[Opening Data below section]
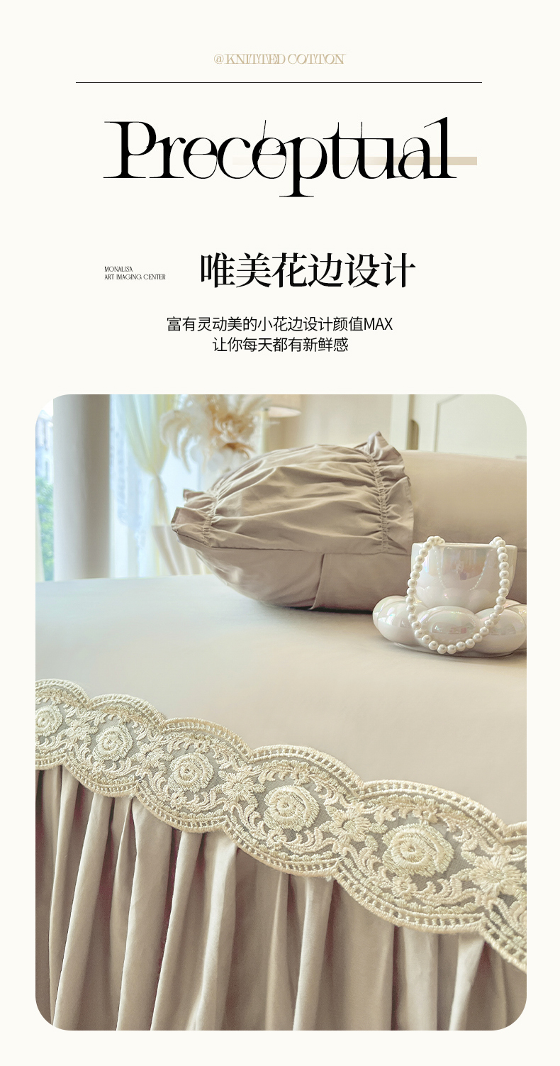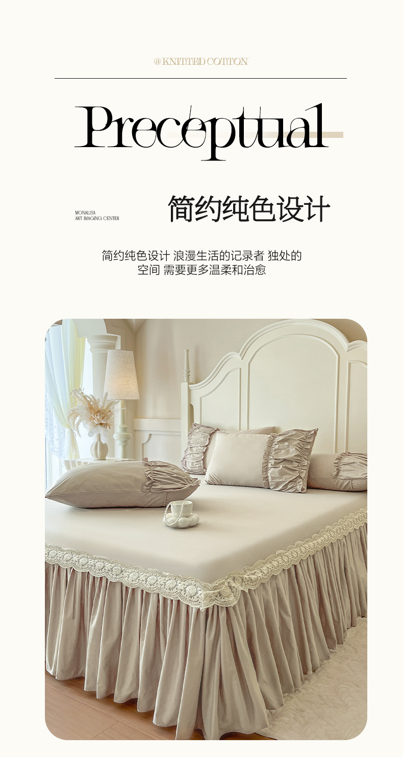 • 91家纺网 家纺一手货源 找家纺 (总)瑞宝 2025新款全棉花边床裙四件套系列-落日甜茶(控价308起),落日甜茶-梦幻玉,落日甜茶-奶油白,落日甜茶-青柠绿,落日甜茶-甜紫
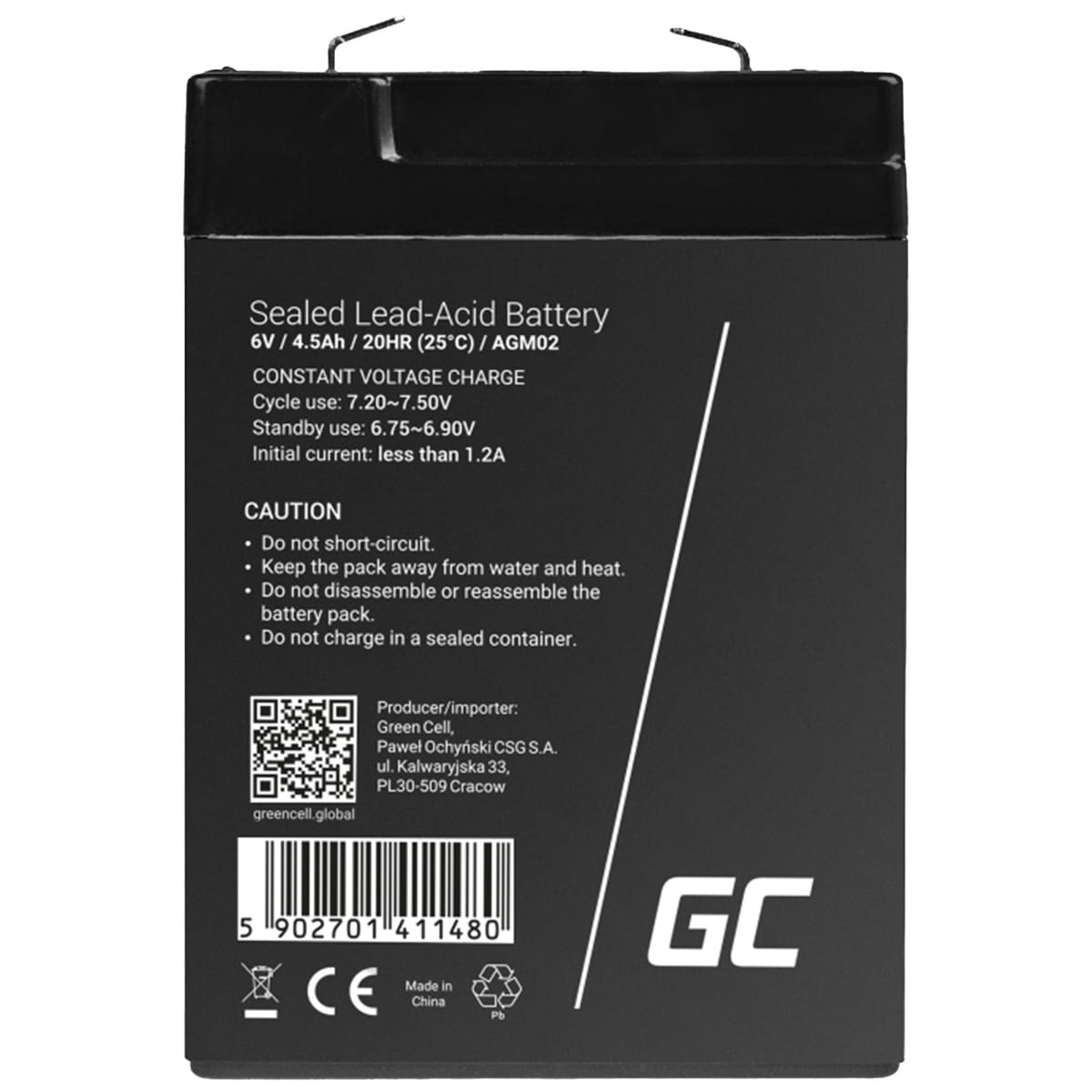 Bezobsługowy Akumulator AGM VRLA Green Cell AGM02 6V 4.5Ah (do systemu alarmowego, kasy fiskalnej, zabawki)
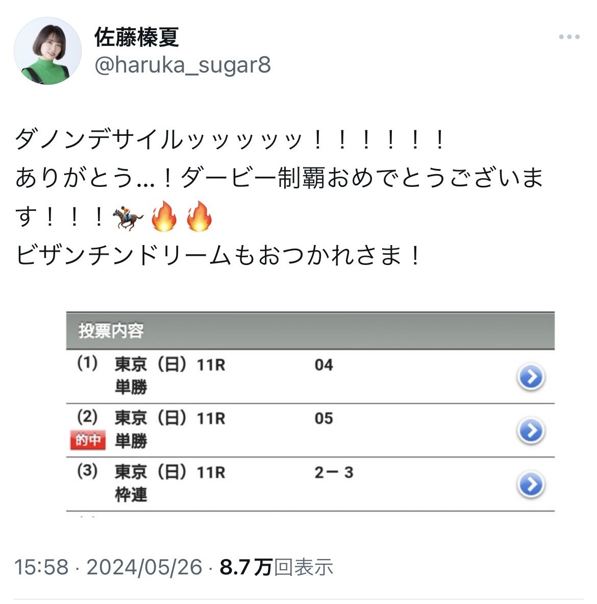 ダービー→ダノンデサイル(46.6倍勝利)、ビザンチンドリーム
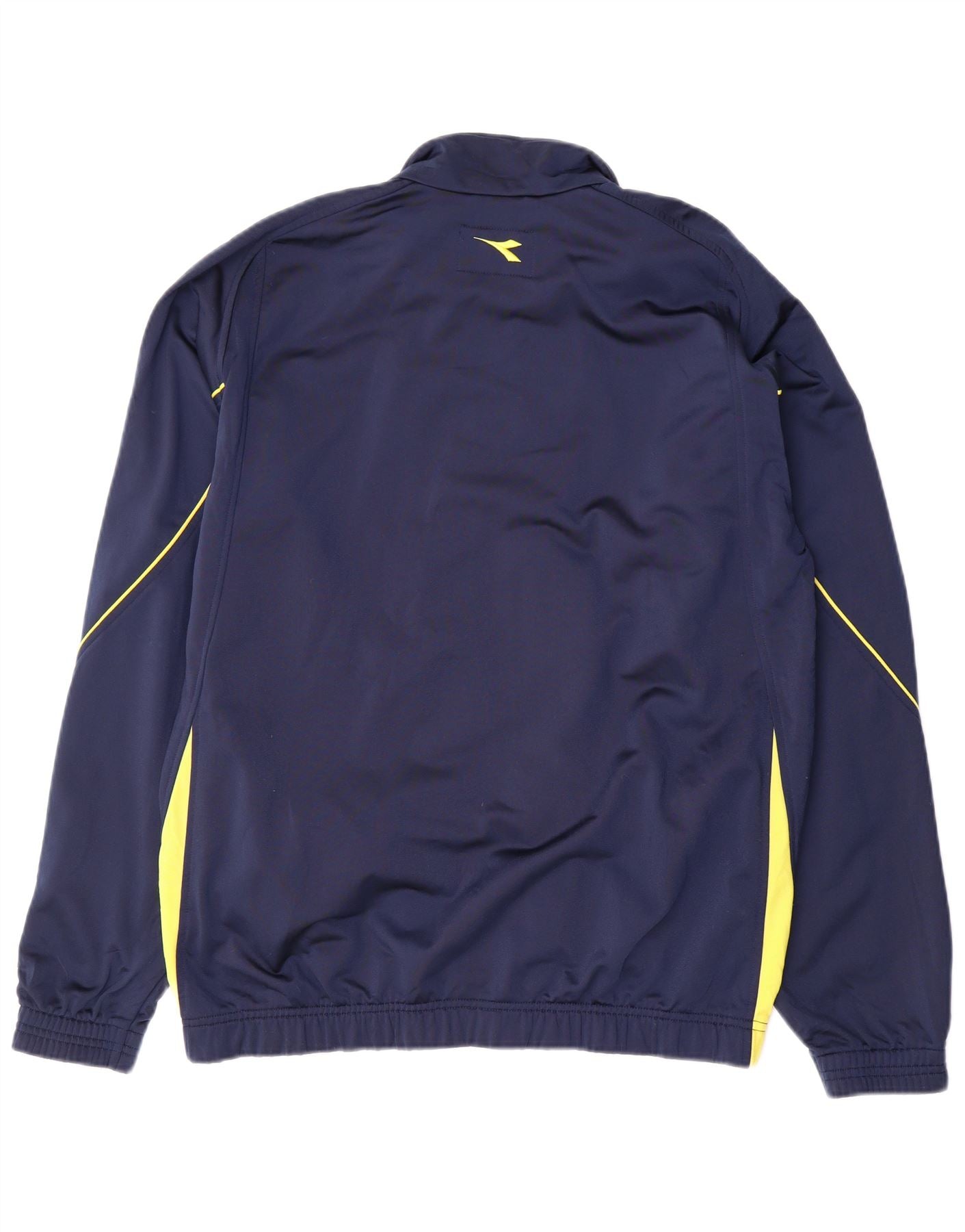- Описание ИИ: Мужской спортивный пиджак Diadora выполнен из гладкого полиэстера темно-синего цвета. Модель имеет классический воротник с воротником и застежку-молнию, обеспечивающую универсальность ношения. Длинные рукава и стандартный крой обеспечивают комфорт в движении. Желтые акценты вдоль рукавов и по бокам добавляют динамичный контраст. Логотип Diadora тонко расположен, дополняя спортивный дизайн.
[Closing Data below section]
■ Requirement
Word for word, repeat the data above with the pictures left out.

■ Solution for this exercise
 • 91家纺网 家纺一手货源 找家纺 (总)瑞宝 2025新款全棉花边床裙四件套系列-落日甜茶(控价308起),落日甜茶-梦幻玉,落日甜茶-奶油白,落日甜茶-青柠绿,落日甜茶-甜紫
 Bezobsługowy Akumulator AGM VRLA Green Cell AGM02 6V 4.5Ah (do systemu alarmowego, kasy fiskalnej, zabawki)
 ダービー→ダノンデサイル(46.6倍勝利)、ビザンチンドリーム
- Описание ИИ: Мужской спортивный пиджак Diadora выполнен из гладкого полиэстера темно-синего цвета. Модель имеет классический воротник с воротником и застежку-молнию, обеспечивающую универсальность ношения. Длинные рукава и стандартный крой обеспечивают комфорт в движении. Желтые акценты вдоль рукавов и по бокам добавляют динамичный контраст. Логотип Diadora тонко расположен, дополняя спортивный дизайн.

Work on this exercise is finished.